The suspension of tariff increases relies on progress in talks that both sides aim to complete in the next 90 days covering broader issues, including intellectual property protection.
"Trade is a big deciding factor for markets because it affects profit growth, so the US-China willingness to continue talks is certainly positive," said Sam Stovall, chief investment strategist at CFRA.
The WSJ Dollar Index, which tracks the dollar against a basket of 16 currencies, was down 0.2 percent.
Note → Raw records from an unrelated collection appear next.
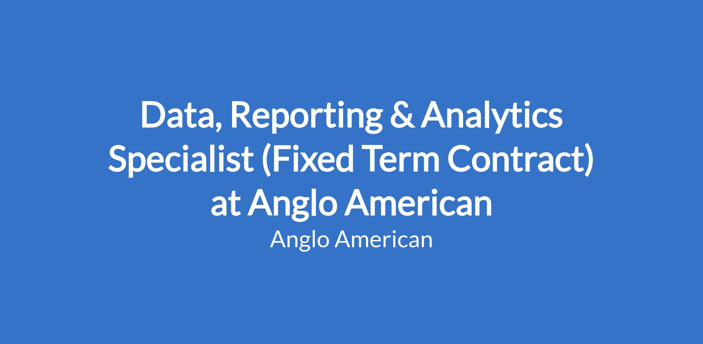 Data, Reporting & Analytics Specialist (Fixed Term Contract) at Anglo American
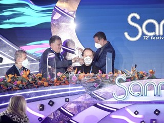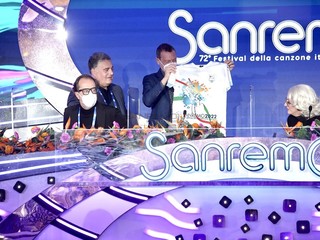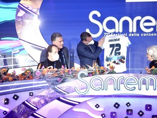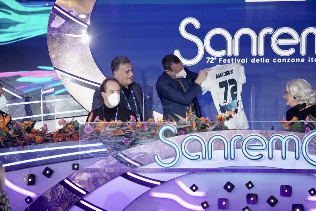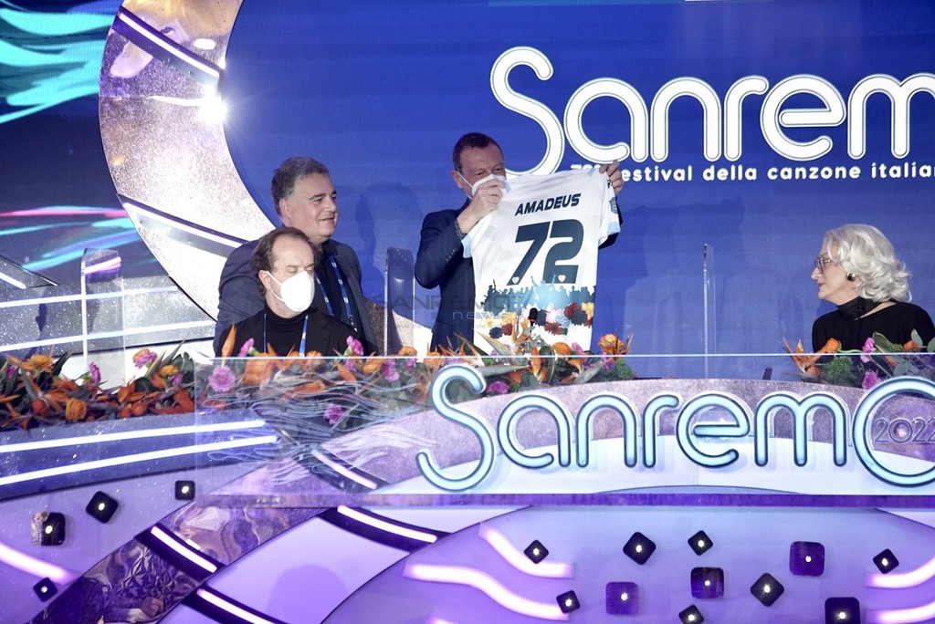 Il Festival di Sanremo si tinge di biancazzurro. Questa mattina Amadeus ha ricevuto in sala stampa una maglia speciale della Sanremese, donata dall’assessore allo Sport, Giuseppe Faraldi.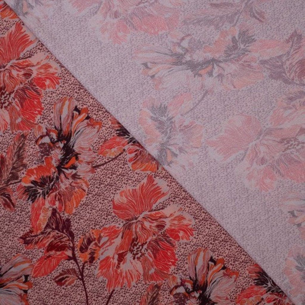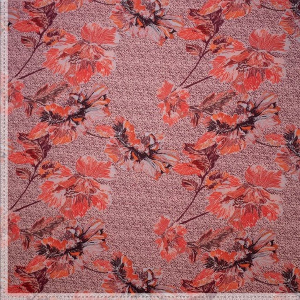 Joli crêpe de viscose assez lourd impression digitale à gros fleurs en rouge. Ce tissu est facile à coudre et agréable à porter.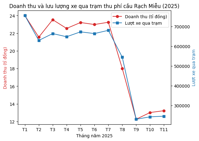 Báo cáo của DRVN, cho thấy thời điểm tháng 8-2025 (cầu Rạch Miễu 2 khai thác từ ngày 19-8-2025), trạm thu phí cầu Rạch Miễu ghi nhận doanh thu đạt 18,018 tỉ đồng với số lượng xe lưu thông 544.849 lượt; sang tháng 9-2025 đạt 7,848 tỉ đồng doanh thu và 275.125 lượt xe qua trạm; tháng 10 lần lượt đạt 7,46 tỉ đồng và 265.602 lượt xe qua trạm thu phí cầu Rạch Miễu.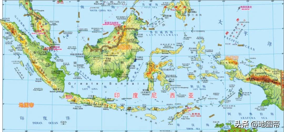 印度尼西亚位于亚洲东南部,地跨赤道,地处太平洋与印度洋的结合部,面积约191.36万平方千米,不算特别大,然而世界前十三大岛,有五个为印尼全部或部分占有,包括巴布亚岛(78.60万平方千米)、加里曼丹岛(74.81万平方千米)、苏门答腊岛(47.35万平方千米)、苏拉威西岛(17.46万平方千米)、爪哇岛(面积12.67万平方千米)。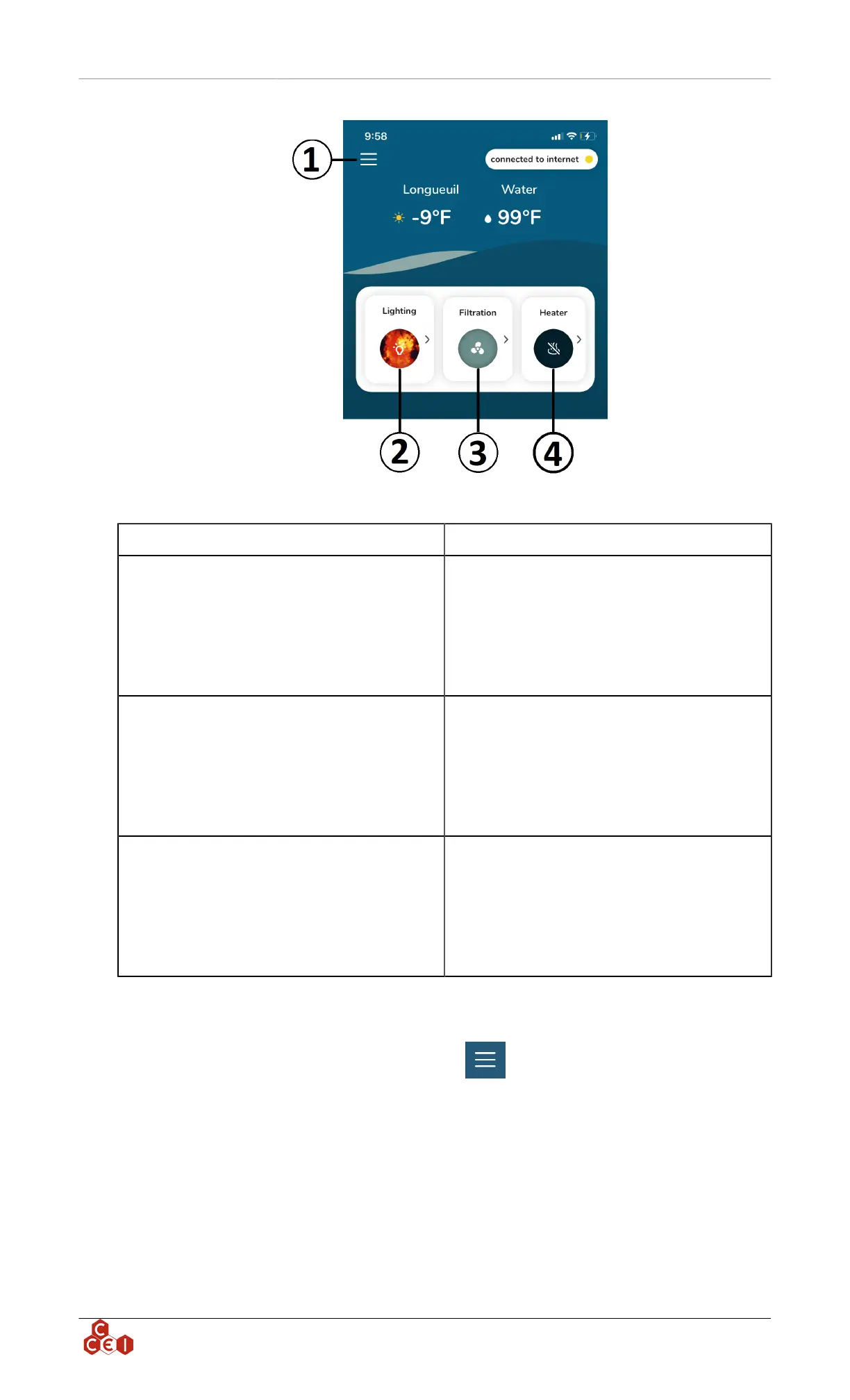 Heater menu, clicking on this button allow you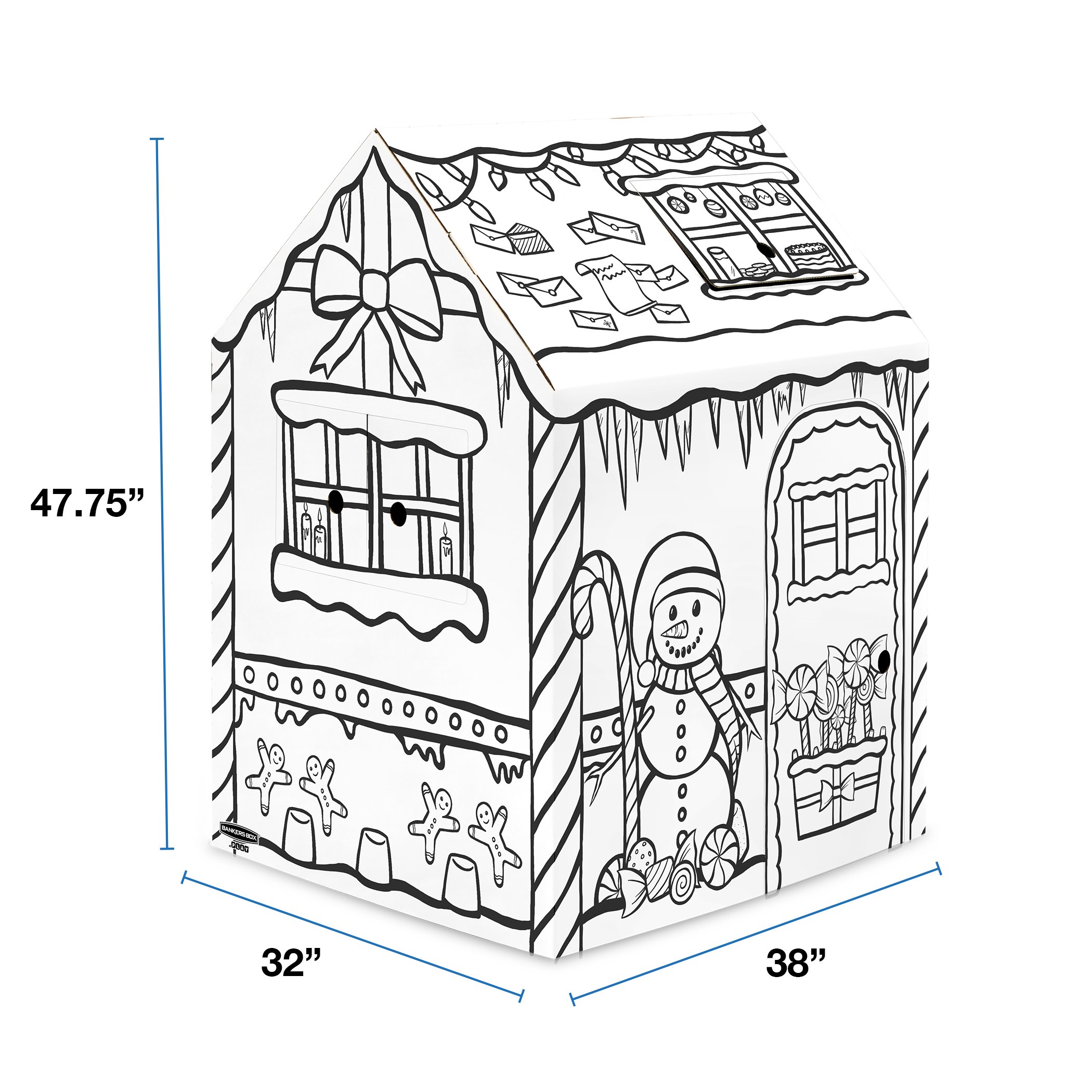 Color Your House: Your child can decorate their Gingerbread Playhouse in any way they want with markers, crayons, or paint, allowing them to exercise their creativity. Strong and Safe Construction: 32-ECT corrugated board with kid-friendly rounded edges provides strength and safety for hours of play. Lead-free design is F963 Standard Consumer Safety Specification certified. For children 3+ years old. Easy 2-Piece Assembly: Playhouse easily folds up and breaks down for storage. Follow the simple instructions to create your 38" L x 32" W x 48" H playhouse. Hands-On Learning: Operable windows and doors provide hours of interactive play. Unleash your child’s imagination and enhance hand-eye coordination as they color within the lines interact with the functional door and window. Made in the USA: Manufactured in the USA and brought to you by Bankers Box, a brand trusted for more than 100 years.Specifications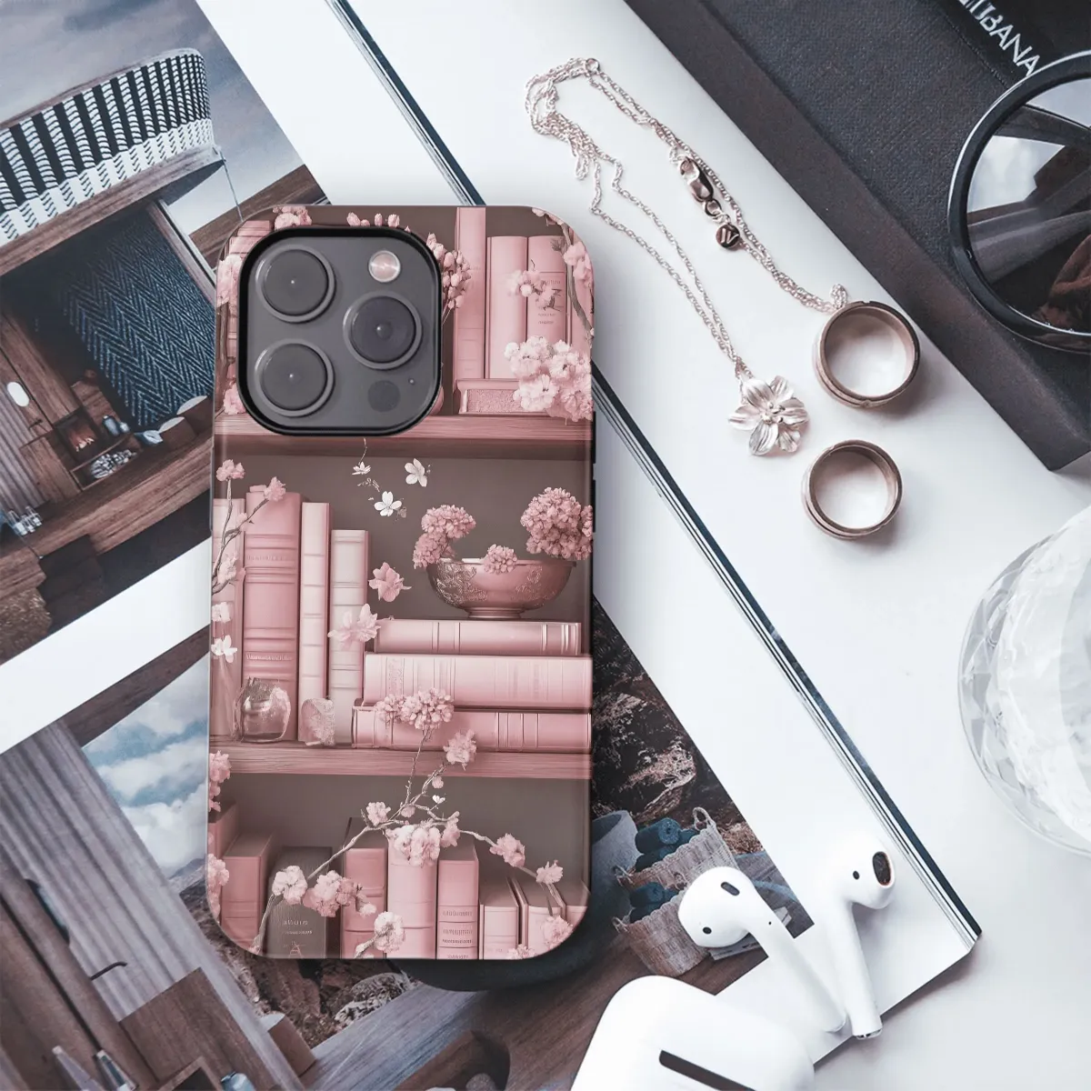 Carry a touch of literary charm with the Pink Bookcase Bloom phone case. Featuring a whimsical bookshelf design in soft pink hues, this case adds a stylish and protective layer to your iPhone, Samsung, or Pixel device (4, 6, 20).

The 10-year US Treasury yield rose to 3.037 percent, from 3.013 percent.
Yields move inversely to prices.
This year's trade tensions have been felt most in the trade-focused economies in Asia and other emerging markets, putting pressure on equities and currencies in those regions.
On Monday, the Chinese yuan rose 1.1 percent to about 6.8818 per US dollar while the Australian dollar firmed 0.9 percent to $0.738 against the US dollar, its highest point since August.
Japan's Nikkei Stock Average rose 1 percent, China's Shanghai Composite gained 2.6 percent and South Korea's Kospi stock indexes gained 1.7 percent.
Strategists at Morgan Stanley raised their forecasts for gains next year in the MSCI China and Hang Seng indexes, suggesting their clients take an overweight allocation relative to other emerging-market stocks.
But others said while the potential for a three-month time out is welcome news for investors, the short-term truce means broader differences between the two countries haven't been resolved.
"The result is better than the market expected, but the huge divide remaining continues to suggest a bumpy ride ahead," said Citigroup China economist Li-Gang Liu, pointing to differences in the Chinese and US accounts of the deal.
In their own statements, Chinese officials made no mention of the three-month deadline.
Investor sentiment last week was also supported by comments from Federal Reserve Chairman Jerome Powell that led many to believe that the US central bank will raise rates more gradually than previously expected.
Though analysts still see the Fed raising rates this month and boosting them further next year, a slower pace of increases would offer a potential respite for risk assets, pressured by tightening monetary policy.
"Whatever the Fed does, the US economy is still going strong and there's no recession on the horizon," Stovall said.
Oil prices rose sharply amid signs that a meeting later this week between OPEC and its Russia-led allies will lead to output curbs after oil prices have fallen by about a third since early October due to oversupply.
Late Saturday, Russian President Vladimir Putin said after a meeting with Saudi Crown Prince Mohammed bin Salman that "we have an agreement to extend our deal."
Russia has yet to decide on how much production it would cut, Putin said, underscoring the remaining challenges ahead.
Separately Qatar said it plans to leave the OPEC, a surprise decision for a member that has long played a key role inside the cartel but produces about 600,000 barrels a day.